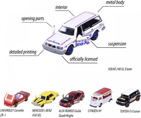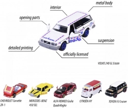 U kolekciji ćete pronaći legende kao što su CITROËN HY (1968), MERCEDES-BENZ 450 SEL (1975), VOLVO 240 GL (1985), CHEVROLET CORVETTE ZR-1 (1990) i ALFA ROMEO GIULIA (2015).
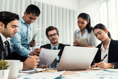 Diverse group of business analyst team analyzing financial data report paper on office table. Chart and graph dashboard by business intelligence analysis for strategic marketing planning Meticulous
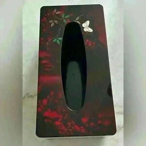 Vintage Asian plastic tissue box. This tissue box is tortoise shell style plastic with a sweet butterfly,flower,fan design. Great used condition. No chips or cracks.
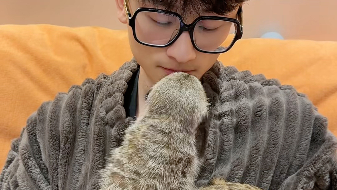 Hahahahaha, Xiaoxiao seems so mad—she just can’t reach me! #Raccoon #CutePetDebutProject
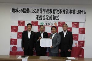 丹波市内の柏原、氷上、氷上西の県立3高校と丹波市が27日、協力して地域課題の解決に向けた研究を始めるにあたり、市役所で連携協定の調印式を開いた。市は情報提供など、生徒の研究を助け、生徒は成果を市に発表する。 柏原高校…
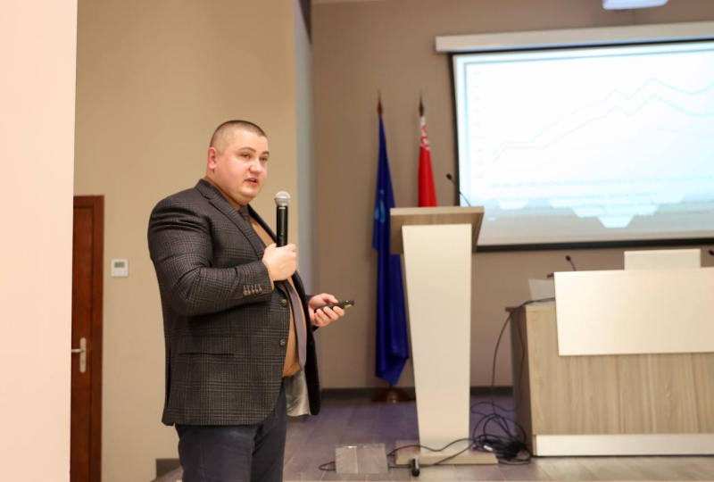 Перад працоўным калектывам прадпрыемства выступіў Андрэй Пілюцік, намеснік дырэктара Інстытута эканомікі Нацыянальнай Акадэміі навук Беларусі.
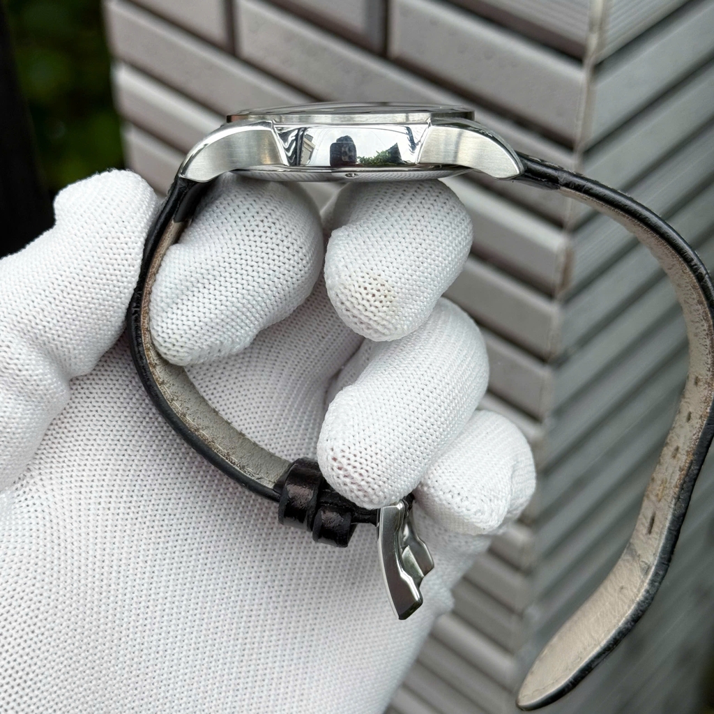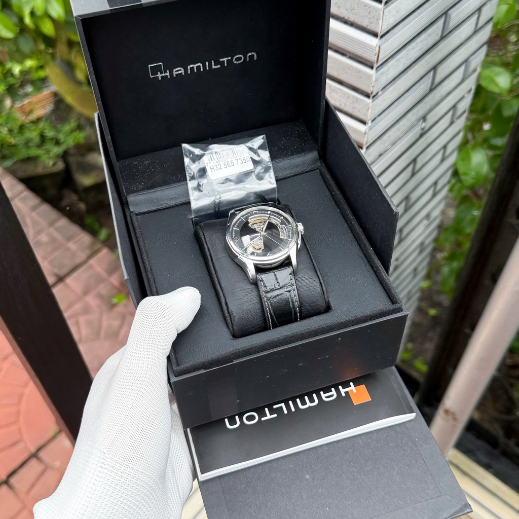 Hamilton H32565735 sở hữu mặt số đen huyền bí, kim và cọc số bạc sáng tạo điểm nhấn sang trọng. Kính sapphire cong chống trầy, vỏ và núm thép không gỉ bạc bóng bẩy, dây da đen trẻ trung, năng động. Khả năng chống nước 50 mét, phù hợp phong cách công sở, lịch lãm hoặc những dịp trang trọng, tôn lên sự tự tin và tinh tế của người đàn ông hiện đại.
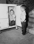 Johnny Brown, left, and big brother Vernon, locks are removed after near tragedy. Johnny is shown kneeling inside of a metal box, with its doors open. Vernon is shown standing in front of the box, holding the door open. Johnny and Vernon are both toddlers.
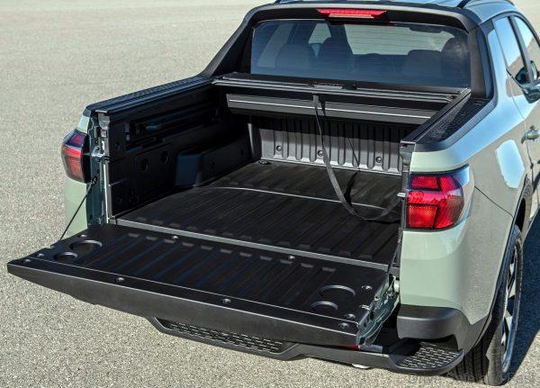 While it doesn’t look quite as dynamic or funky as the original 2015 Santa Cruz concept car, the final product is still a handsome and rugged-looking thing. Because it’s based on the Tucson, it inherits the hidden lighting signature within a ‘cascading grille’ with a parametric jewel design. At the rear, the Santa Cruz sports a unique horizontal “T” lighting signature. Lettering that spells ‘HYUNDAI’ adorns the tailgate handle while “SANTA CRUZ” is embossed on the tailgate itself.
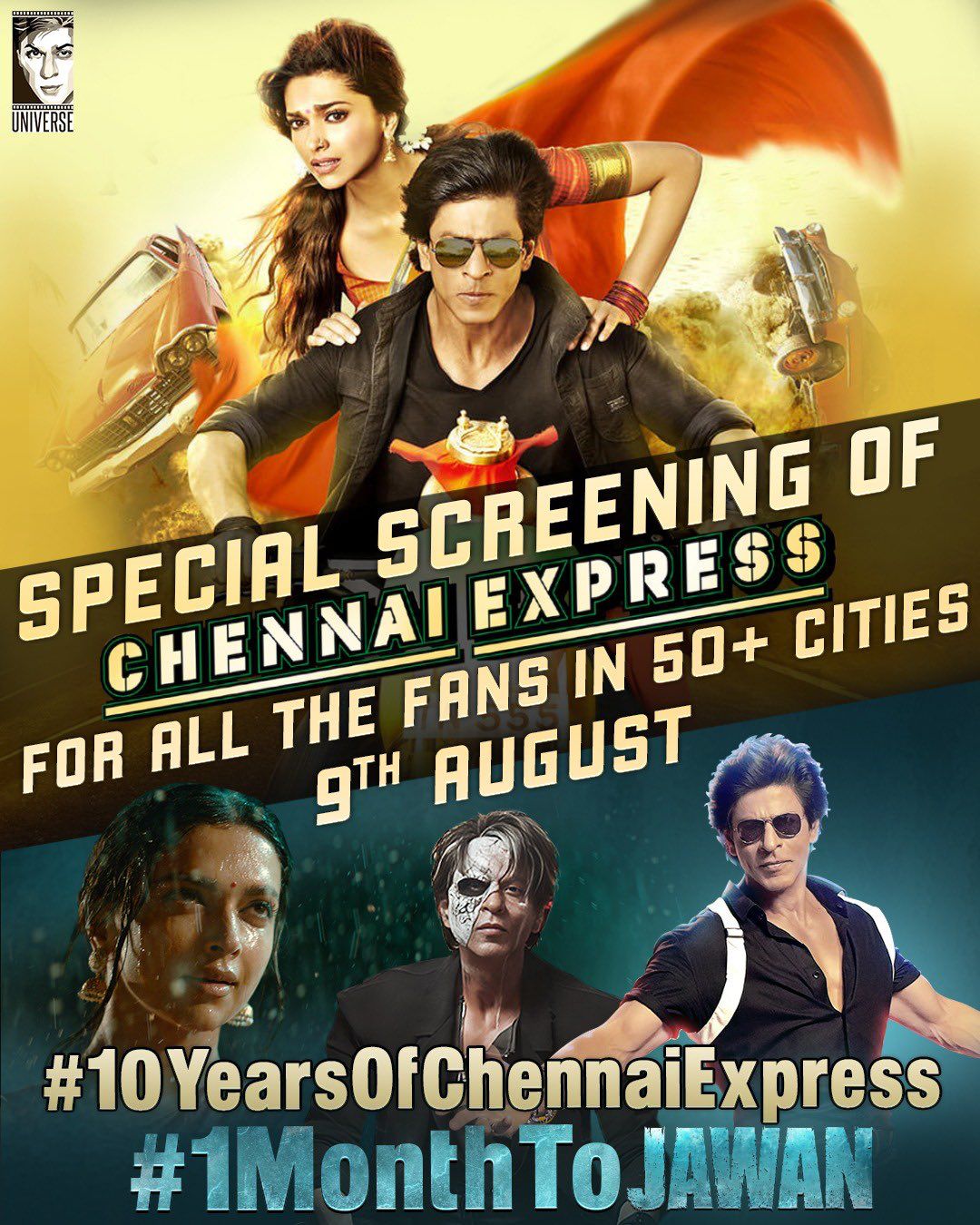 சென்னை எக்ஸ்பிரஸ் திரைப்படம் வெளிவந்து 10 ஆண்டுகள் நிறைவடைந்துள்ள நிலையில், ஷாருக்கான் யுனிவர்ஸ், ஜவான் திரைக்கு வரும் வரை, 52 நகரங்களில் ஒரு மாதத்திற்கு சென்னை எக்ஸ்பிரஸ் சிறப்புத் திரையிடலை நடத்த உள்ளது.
============
About this exercise: Everything from the line with "Diverse group of" down to the line with "Johnny Brown, left, and" in the data above should be copied exactly, with both end lines kept and the pictures left out.

Result of this task:
 Diverse group of business analyst team analyzing financial data report paper on office table. Chart and graph dashboard by business intelligence analysis for strategic marketing planning Meticulous
 Vintage Asian plastic tissue box. This tissue box is tortoise shell style plastic with a sweet butterfly,flower,fan design. Great used condition. No chips or cracks.
 Hahahahaha, Xiaoxiao seems so mad—she just can’t reach me! #Raccoon #CutePetDebutProject
 丹波市内の柏原、氷上、氷上西の県立3高校と丹波市が27日、協力して地域課題の解決に向けた研究を始めるにあたり、市役所で連携協定の調印式を開いた。市は情報提供など、生徒の研究を助け、生徒は成果を市に発表する。 柏原高校…
 Перад працоўным калектывам прадпрыемства выступіў Андрэй Пілюцік, намеснік дырэктара Інстытута эканомікі Нацыянальнай Акадэміі навук Беларусі.
 Hamilton H32565735 sở hữu mặt số đen huyền bí, kim và cọc số bạc sáng tạo điểm nhấn sang trọng. Kính sapphire cong chống trầy, vỏ và núm thép không gỉ bạc bóng bẩy, dây da đen trẻ trung, năng động. Khả năng chống nước 50 mét, phù hợp phong cách công sở, lịch lãm hoặc những dịp trang trọng, tôn lên sự tự tin và tinh tế của người đàn ông hiện đại.
 Johnny Brown, left, and big brother Vernon, locks are removed after near tragedy. Johnny is shown kneeling inside of a metal box, with its doors open. Vernon is shown standing in front of the box, holding the door open. Johnny and Vernon are both toddlers.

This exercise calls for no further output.